A new Bill to replace the Human Fertilisation and Embryology Act 1990 is passing through the UK Houses of Parliament at the moment. One particular clause raises a controversial issue regarding preferences of certain kinds of persons or potential persons. Clause 14, section 4, number 9 (Lines 23-30, Page 10) states:
(a) a serious physical or mental disability,
(b) a serious illness, or
(c) any other serious medical condition, must not be preferred to those that are not known to have such an abnormality'.
One might assume that a condition like deafness would not fall into the category of 'serious illness' as given above. However, according to the Explanatory Notes to the Bill (no 109) this clause has been added to prevent 'the positive selection of deaf donors in order [to] deliberately...result in a deaf child.' This was further supported by Baroness Deech's comments in the House of Lords that one outcome of this clause would be that deaf parents could not use PGD to select embryos with the genes for deafness.
On 23 December 2007, an article in the Times newspaper entitled 'Deaf Demand Right to Designer Deaf Children' reported opposition to Clause 14 in the British Deaf (see Note 1) community ranging from the Royal National Institute for Deaf and Hard of Hearing People to the British Deaf Association. The article provoked a firestorm of responses, most of which decried the immorality of designing babies with disabilities.
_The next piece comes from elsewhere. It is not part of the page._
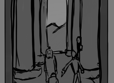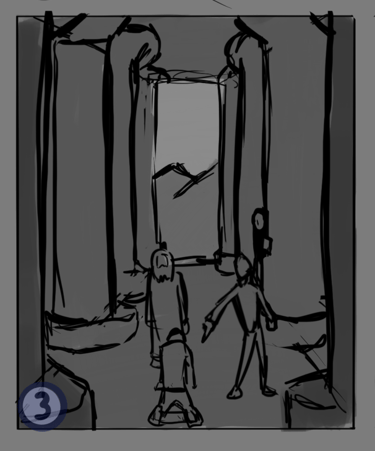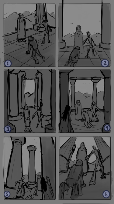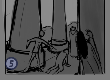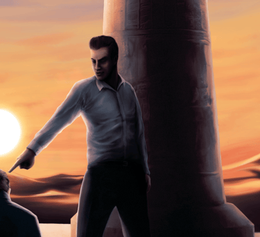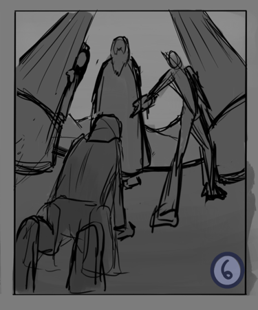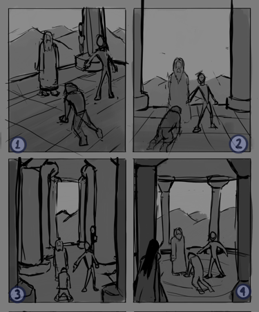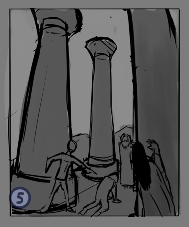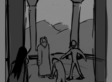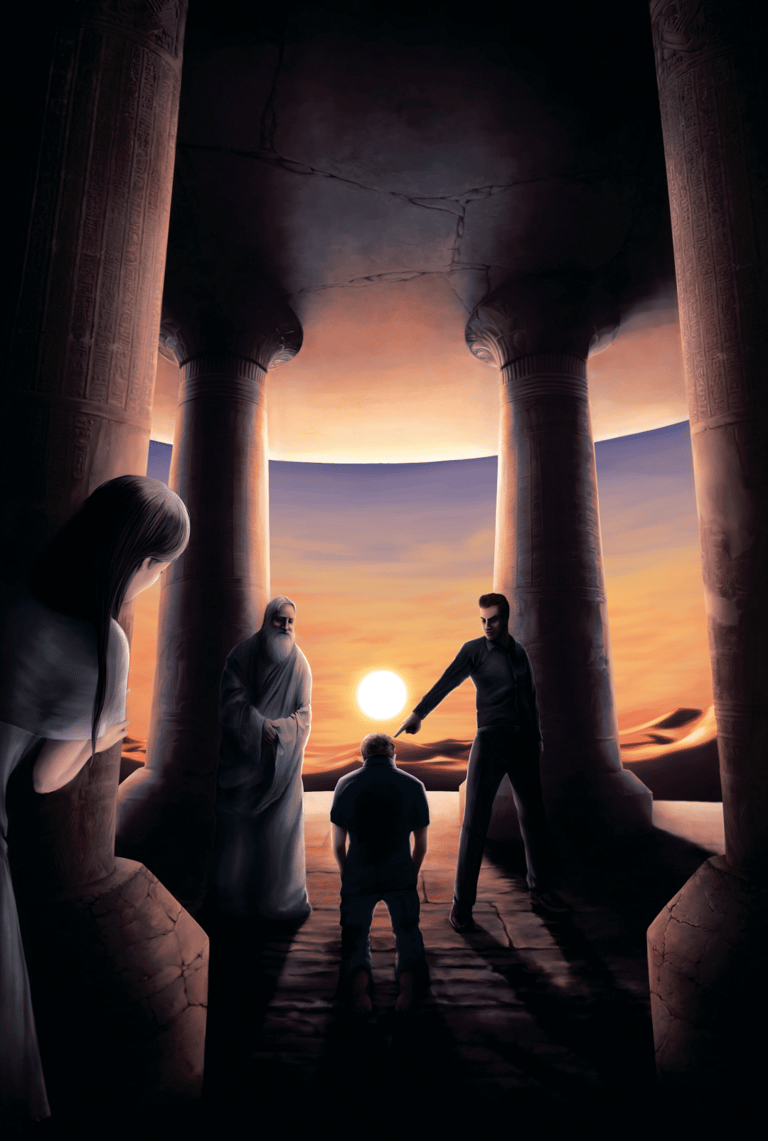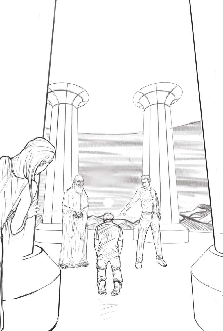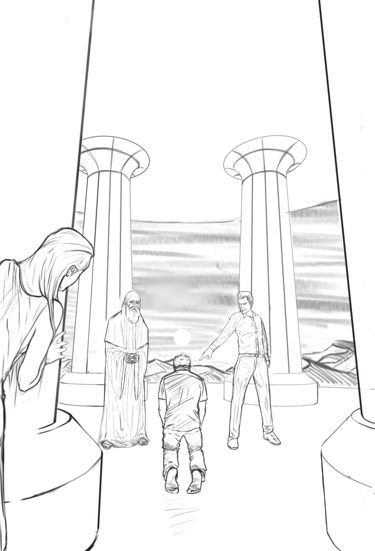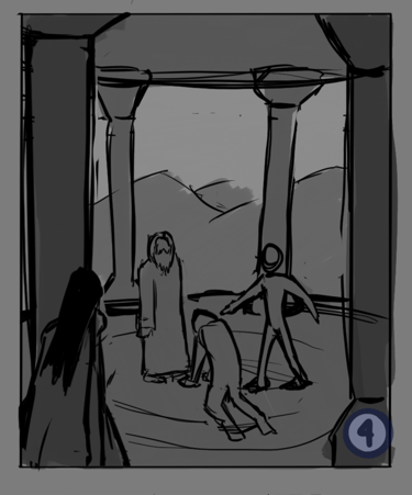 Desafio: Desenvolver uma ilustração para capa de livro que representasse uma cena marcantes de um dos capítulos. A cena deveria ambientar o local da "batalha" e representar uma espécie de julgamento. A atenção da cena precisava ser focada no personagem principal, passando o foco para dois personagens antagônicos e por último revelar uma figura feminina que espreita a situação de longe.

However, the primary concern of the Deaf community regards the Bill's language and intent.
The real issue here is not designer babies, but reproductive liberty, which includes the right of the potential parents to select intact embryos created from their own unaltered genetic material for implantation. If passed with the above wording, the Bill would make it illegal for a deaf adult to donate gametes for IVF (they must not be 'preferred' to a hearing person) and one would assume this includes donating to their close relatives. It would also make it illegal for deaf parents, using PGD, to implant embryos with the genes for deafness if there are available 'hearing' embryos (the deaf embryo must not be 'preferred' to a hearing one).
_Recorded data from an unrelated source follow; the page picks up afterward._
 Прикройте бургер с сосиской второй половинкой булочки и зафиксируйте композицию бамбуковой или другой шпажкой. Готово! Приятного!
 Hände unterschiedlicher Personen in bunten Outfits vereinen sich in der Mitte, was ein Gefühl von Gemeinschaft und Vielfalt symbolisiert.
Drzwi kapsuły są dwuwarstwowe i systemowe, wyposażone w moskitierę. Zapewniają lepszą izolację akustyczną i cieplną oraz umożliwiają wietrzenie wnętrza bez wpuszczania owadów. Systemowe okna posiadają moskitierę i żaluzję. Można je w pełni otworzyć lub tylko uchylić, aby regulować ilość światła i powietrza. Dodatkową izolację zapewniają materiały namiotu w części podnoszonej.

Actively using genetic technology to enable a deaf couple to have deaf children is controversial. It is also likely to only be considered by a very small number of people. Indeed, research from both the UK and US which ascertained the attitudes of deaf people showed that very few would be interested in using genetic technology in this way; this is also supported in practice. This poses the question of whether it is necessary to legislate against something that is very unlikely to happen and for which guidelines already exist.
Clause 14 is being seen as discriminatory against the equal rights of Deaf people. The wording of the Bill pitches one group of people (deaf) against another (hearing) by creating a value judgement which implies that deaf people are not to be valued as hearing people are and the same for their embryos. The majority (hearing) population's perception of deafness is therefore prevailing in an issue which has implications predominantly for the minority group whose perspective is not legitimized. This contradicts the attempts by the UK government to recognise the equal status of the Deaf Community a) in policy, e.g. through recognition of British Sign Language as a UK language in 2003 and b) in law, through the protection of the equal rights of deaf people (Human Rights Act 1998).
A second area of confusion is the language of Clause 14, the scope of which is wide-ranging and therefore, potentially, a matter of concern for all persons. As it is written, the class of people 'known to have a gene, chromosome or mitochondrion abnormality involving a significant risk' is changing rapidly as research scientists acquire more knowledge about human genomics. Second, the ambiguity of the phrase 'significant risk' is troubling; coupling this concept with the other ambiguous concepts of 'serious disability, illness or medical condition' leaves considerable room for interpretation, and could ultimately apply to a large number of people in the general population, perhaps even a majority. This room for interpretation is appropriate within guidelines, but the argument for taking this out of the context of a private decision between potential parents and their doctors and placing it within primary legislation is much less persuasive.
Several ethical and professional issues are raised here: namely, questions about what counts as a serious abnormality and who should decide how people are permitted to reproduce. There are many areas of the proposed Bill which are seen as valuable and timely, but it is argued by a sizeable and diverse group that this section of Clause 14 should be amended or omitted from the Human Fertilisation Embryology Bill. For more information on the Deaf campaign against the Bill see www.StopEugenics.org.uk.
1) It is usual for 'deaf' (lowercase d) to refer to a medical definition of hearing loss and 'Deaf' (capital D) to refer to those people who regard their deafness as a linguistic and cultural difference rather than a disability. Unless the authors are specifically referring to the latter group (i.e. Deaf community), for ease of reading, deaf (lowercase d) is used generically and covers all perspectives of deafness.